Mr. Ashton said today that the infection rate is in Liverpool It continued to rise as the city headed towards Christmas.

He said, “We have maintained 14 days until December 14 of being below 100 cases per 100,000, which is absolutely exceptional, as we emerged from the national lockdown to Level 2 after entering a Level 3 position.

Matt Ashton is the Director of Public Health for the Liverpool Council

“Unfortunately, the nature of the Level 2 controls is that they are not strong enough to prevent the rate of infection returning to the other side, so the rate has continued to increase and we are now 143 cases per 100,000.”
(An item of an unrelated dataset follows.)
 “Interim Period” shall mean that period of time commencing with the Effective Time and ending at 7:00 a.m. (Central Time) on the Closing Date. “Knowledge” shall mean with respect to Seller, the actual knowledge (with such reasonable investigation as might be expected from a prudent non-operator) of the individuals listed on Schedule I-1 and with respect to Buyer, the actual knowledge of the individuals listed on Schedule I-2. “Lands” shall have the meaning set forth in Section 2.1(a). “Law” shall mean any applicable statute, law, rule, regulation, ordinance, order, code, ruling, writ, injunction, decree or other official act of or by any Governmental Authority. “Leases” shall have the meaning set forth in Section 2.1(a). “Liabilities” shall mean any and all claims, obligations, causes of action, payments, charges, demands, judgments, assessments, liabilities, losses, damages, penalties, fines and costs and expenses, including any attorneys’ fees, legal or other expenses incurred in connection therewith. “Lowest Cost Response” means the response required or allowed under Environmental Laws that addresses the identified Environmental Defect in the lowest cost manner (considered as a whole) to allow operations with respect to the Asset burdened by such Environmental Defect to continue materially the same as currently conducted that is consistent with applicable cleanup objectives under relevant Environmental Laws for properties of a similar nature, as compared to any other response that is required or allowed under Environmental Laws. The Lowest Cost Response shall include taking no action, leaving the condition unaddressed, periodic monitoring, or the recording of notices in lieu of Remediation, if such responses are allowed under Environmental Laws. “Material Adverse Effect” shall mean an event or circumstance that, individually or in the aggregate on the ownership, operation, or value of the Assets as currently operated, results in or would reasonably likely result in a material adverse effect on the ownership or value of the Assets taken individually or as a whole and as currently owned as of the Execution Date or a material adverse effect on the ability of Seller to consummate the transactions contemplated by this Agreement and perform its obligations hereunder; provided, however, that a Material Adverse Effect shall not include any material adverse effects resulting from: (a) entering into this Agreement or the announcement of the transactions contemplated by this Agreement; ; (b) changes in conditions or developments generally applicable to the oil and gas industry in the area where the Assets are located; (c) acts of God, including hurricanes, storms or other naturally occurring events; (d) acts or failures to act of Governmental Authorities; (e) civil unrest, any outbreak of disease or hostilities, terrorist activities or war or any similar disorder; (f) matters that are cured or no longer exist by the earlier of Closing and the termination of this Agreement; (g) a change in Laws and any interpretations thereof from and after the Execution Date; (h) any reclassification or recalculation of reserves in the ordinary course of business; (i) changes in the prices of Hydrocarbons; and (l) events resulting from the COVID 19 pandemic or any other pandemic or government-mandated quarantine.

In response to a question from panelist Cllr Richard Kemp, about potential new restrictions, Ashton said he expects the infection rate to continue to increase for at least the next few weeks.

He said, “It seems to go up at about 10 to 15 per 100,000 per day and I think this will continue to increase and we have a vulnerability around Christmas where people, although there are guidelines there, are gathering.”

“This will definitely lead to more casualties.”

To find out the levels of coronavirus cases in your area, enter the postal code below.

The new variant of Corona Virus It has disrupted the government’s approach to containing the virus, with the original plans for five days of effectively easing restrictions torn apart.

Early assessments of this variant indicate that it may spread more easily than other previously prevalent virus strains, although scientists caution that more work is needed to screen the variant more thoroughly.

There is no indication at this stage that it causes more or less severe disease or that approved vaccines will not work against the new variant.

The head of BioNTech, the company behind the first vaccine approved for use in the UK, said that even if that were the case, they could produce a vaccine to treat the new variant within six weeks.